Materials and Methods
Genome sequence and annotations
The names of the 17 eukaryotic species surveyed, and the links we used to retrieve the gene sequences and the relative annotation files, are listed in the (Supplemental Material Table S1 in File S1). We studied ≥2 intron-containing genes, and randomly selected one mRNA isoform for genes with multiple isoforms.
DNA strand asymmetry of the AATAAA motif
We employed the DNA strand asymmetry of the polyadenylation AATAAA motif (DSAAATAAA) as a tool to infer transcription-coupled dynamics of cleavage and polyadenylation factors (CPFs). Under Chargaff’s second parity rule, the asymmetry of nucleotides (or short motifs) between complementary strands of DNA should be null (Mitchell and Bridge 2006). Deviations, i.e., positive (negative) DSA scores, are indicative of selection for (or against) the string under study.We computed the DSAAATAAA in introns and exons separately, after removing genes nested or hosting another gene from our data. We trimmed intron and exon sequences to minimize the potential impact of the splicing signals (the 5′ and 3′ splice sites and the polypyrimidine tract) on the DSAAATAAA score. Specifically, we did not consider the 3 nt at the ends of exons, 6 nt at the 5′ end, and 40 nt at the 3′ end of introns. In P. tetraurelia, introns are typically shorter than 40 nt (Aury ), so we decided to trim only 6 nt at the 5′ end, and 6 at the 3′ end.
Splice site score
We calculated the strength of the 5′ and 3′ splice site signals using the MaxEntScan scoring method for human and mouse (Yeo and Burge 2004). The MaxEntScan scoring method, retrained using D. melanogaster splicing signals, was kindly provided by Gene Yeo and Joel McManus (McManus ).
Genes with varying expression levels in D. melanogaster
We studied genes that are highly and weakly expressed in D. melanogaster. Sets were composed of genes with associated expression values that fall in the upper and lower quartile of a distribution of gene expression values generated using ftp://flybase.org/flybase/associated_files/Gelbart.2010.10.13.tar.gz.
Data availability
All data necessary for confirming the conclusions presented in the article are represented fully within the article. All of the scripts are publicly available through GitHub at https://github.com/GildasLepennetier/GildasSources.
Results
Recently, we have used a method based on DSA to detect signatures of selection associated with the conserved AATAAA PAS motif in Drosophila. The constraints that we uncovered served to generate hypotheses regarding why modern eukaryotic genes are shaped the way they are (Lepennetier and Catania 2016). Here, we explore whether the DSA of the AATAAA PAS (or DSAAATAAA) within spliceosomal introns may enhance our understanding of how SFs and CPFs operate and interact during transcription.

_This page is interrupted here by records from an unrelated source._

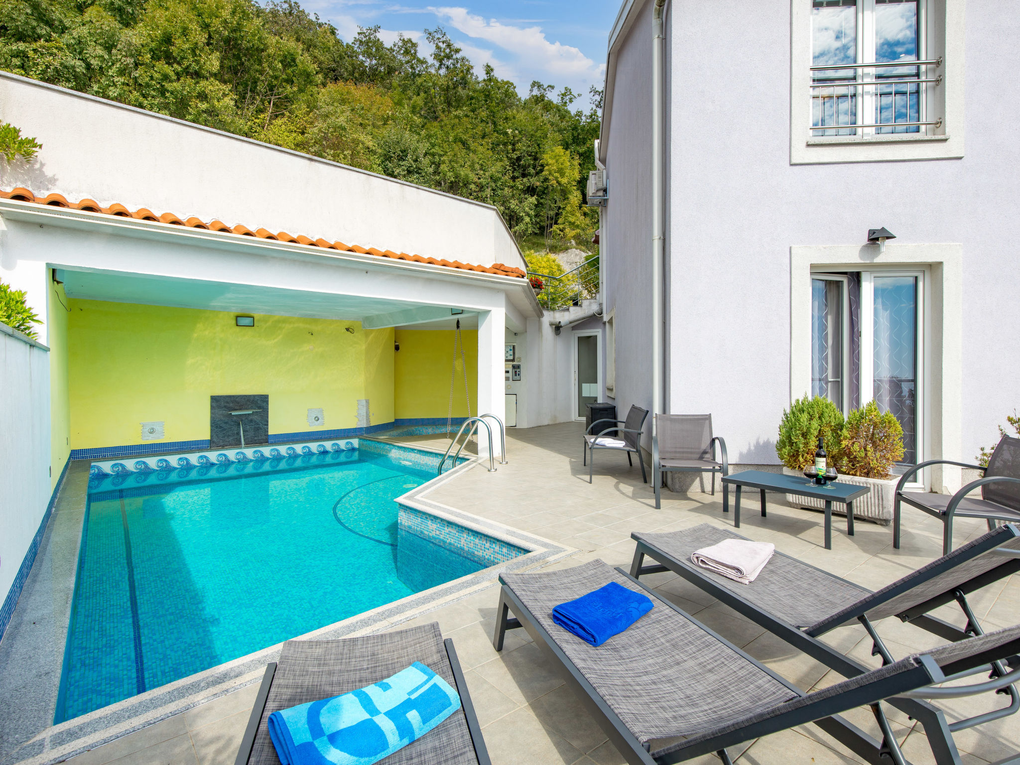 Appartementhaus "Bella Vista". 6 km vom Zentrum von Opatija, 11 km vom Zentrum von Ičići, am Hang, 3 km vom Meer, 3 km vom Strand, in einer Sackgasse, im Grünen. Zur Mitbenutzung: Grundstück 1'000 m2 mit Blumen und Bäumen, Schwimmbad beheizt (7 x 4 m, 130 - 170 cm tief, saisonale Verfügbarkeit: 27.Mar.-05.Nov.). Aussendusche, Terrasse, Grill. Im Hause: Internetzugang, Waschmaschine, Wäschetrockner (zur Mitbenutzung, extra). Parkplatz beim Haus auf dem Grundstück. Einkaufsgeschäft 200 m, Felsstrand 3 km.
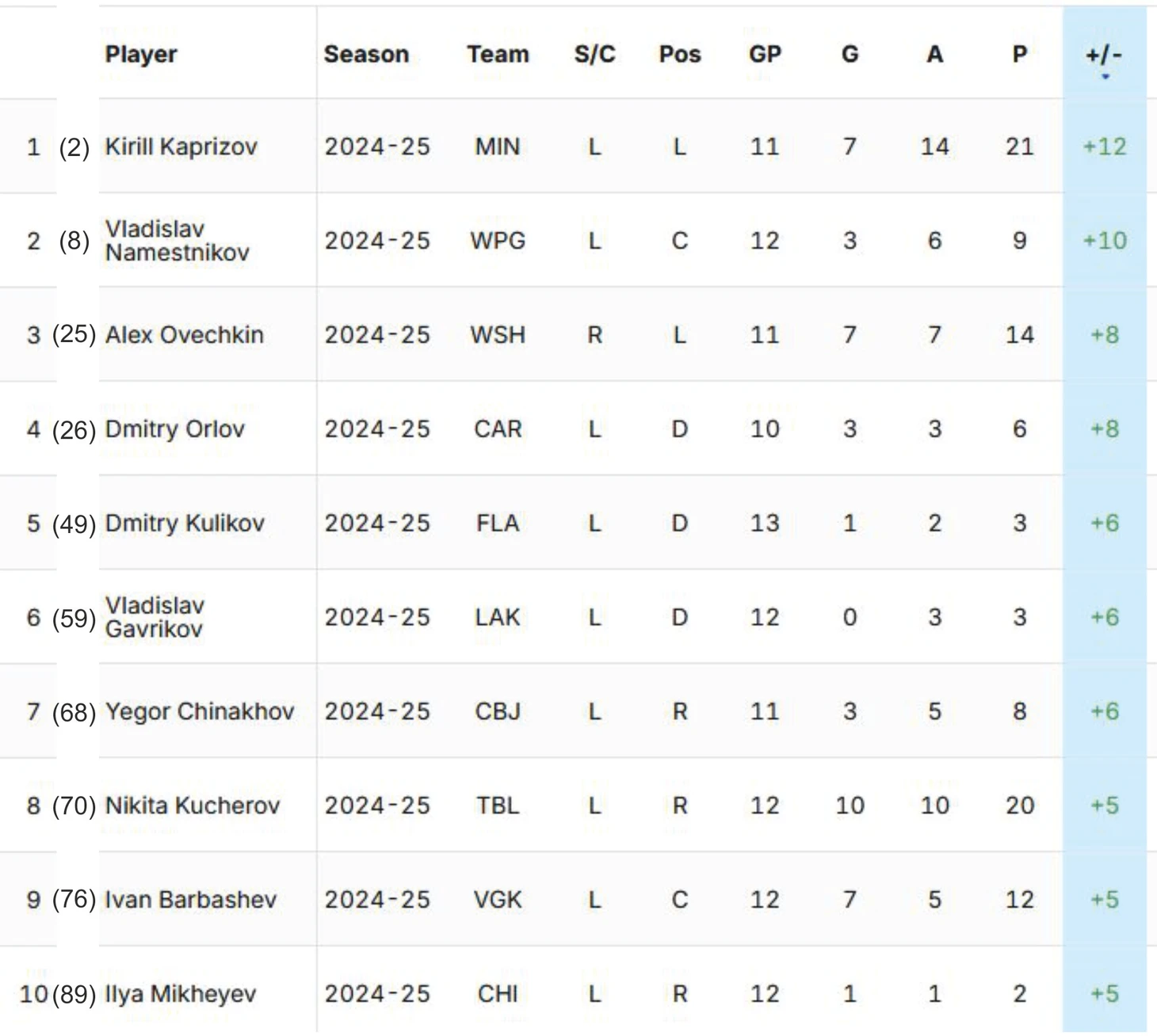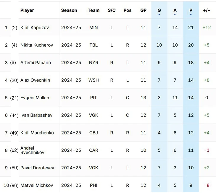 В списке бомбардиров Кирилл Капризов вышел на первое место среди российских игроков, у него после 11 матчей 21 (7+14) очко в активе. Тройка лидеров не поменялась, изменилось расположение: Капризов (21 очко), Кучеров (20 очков) и Панарин (18 очков).
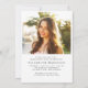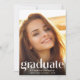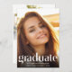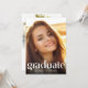 Une invitation chic et élégante à la remise des diplômes, avec la photo de la grade superposée avec "Graduate" en grandes lettres blanches tendance et leur nom, l'école et l'année de classe en simple typographie blanche. Au verso, ajoutez une photo supplémentaire et les détails de votre fête.
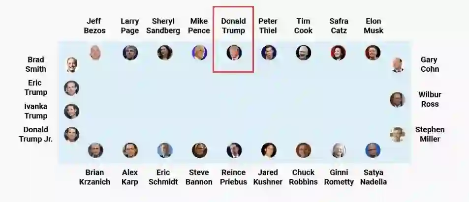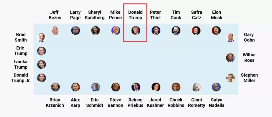 这是美国网站Business Insider公布的特朗普与美国互联网大佬第一次开会时的座位表
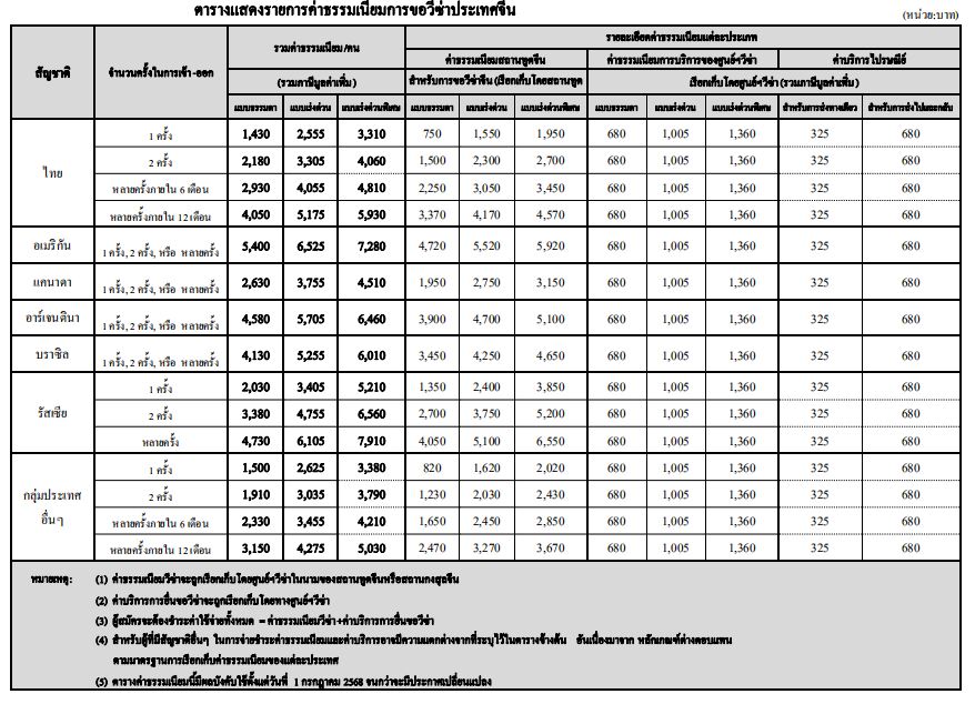 ศูนย์ฯ วีซ่าจีนรับชำระเป็นเงินสดสกุลบาทไทยเท่านั้น
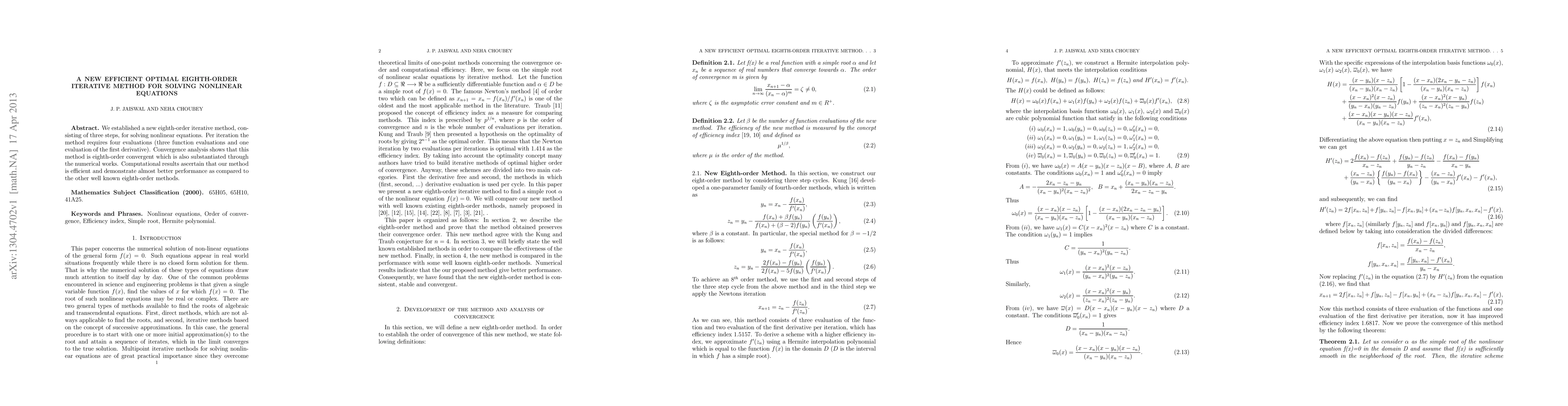 A new eighth-order iterative method for solving nonlinear equations has been developed, showing efficient performance and demonstrating better results compared to existing methods, with convergence analysis confirming its eighth-order accuracy.

CPF access to spliceosomal introns is universally disfavored across eukaryotes
We began by computing the DSAAATAAA in the introns of human, mouse, D. melanogaster, and of 14 additional eukaryotes, including vertebrate and invertebrate animals, the plant Arabidopsis thaliana, and the ciliate Paramecium tetraurelia. Because CPF access to introns may facilitate unregulated premature cleavage and polyadenylation, we hypothesized that intronic cryptic PASs are generally selected against, unless telescripting adequately suppresses them.We found that the AATAAA motif is uniformly counter-selected in the introns of all of the species surveyed (Figure 1). It is also among the six-mers with the most negative DSA in introns (top-5% in 10 species) (Table S2 in File S1). Instead, the AATAAA’s DSA is highly positive in the gene 3′ end of these same species (except A. thaliana and T. castaneum, Table S3 in File S1), supporting the idea that this motif operates as canonical PAS in most species. Additionally, the DSA of the AATAAA motif is invariably more negative compared to that of three other hexamers (ATTAAA, AATATA, and TATAAA), which do or may function as PAS across eukaryotes (Beaudoing ; Retelska ) (Figure 1). Also, with the exception of T. castaneum, the DSAAATAAA is more negative than our control motifs (DSATAAAAA and DSAAAAAAT), which were selected on the basis of their identical nucleotide composition to, and partial overlap with, AATAAA, and the fact that they should not operate as PAS (Table S2 in File S1). Altogether, these findings support the hypothesis that the AATAAA PAS in spliceosomal introns is generally unfavorable across eukaryotes.
Figure 1
DNA strand asymmetry of polyadenylation(-like) signal motifs in the introns of 17 eukaryotic species. Left panel: approximate phylogenetic relationships spanning ∼2 billion yr between the ciliate Paramecium tetraurelia and Homo sapiens. Right panel: DNA strand asymmetries of four polyadenylation(-like) signal motifs (AATAAA, ATTAAA, AATATA, and TATAAA).
DNA strand asymmetry of polyadenylation(-like) signal motifs in the introns of 17 eukaryotic species. Left panel: approximate phylogenetic relationships spanning ∼2 billion yr between the ciliate Paramecium tetraurelia and Homo sapiens. Right panel: DNA strand asymmetries of four polyadenylation(-like) signal motifs (AATAAA, ATTAAA, AATATA, and TATAAA).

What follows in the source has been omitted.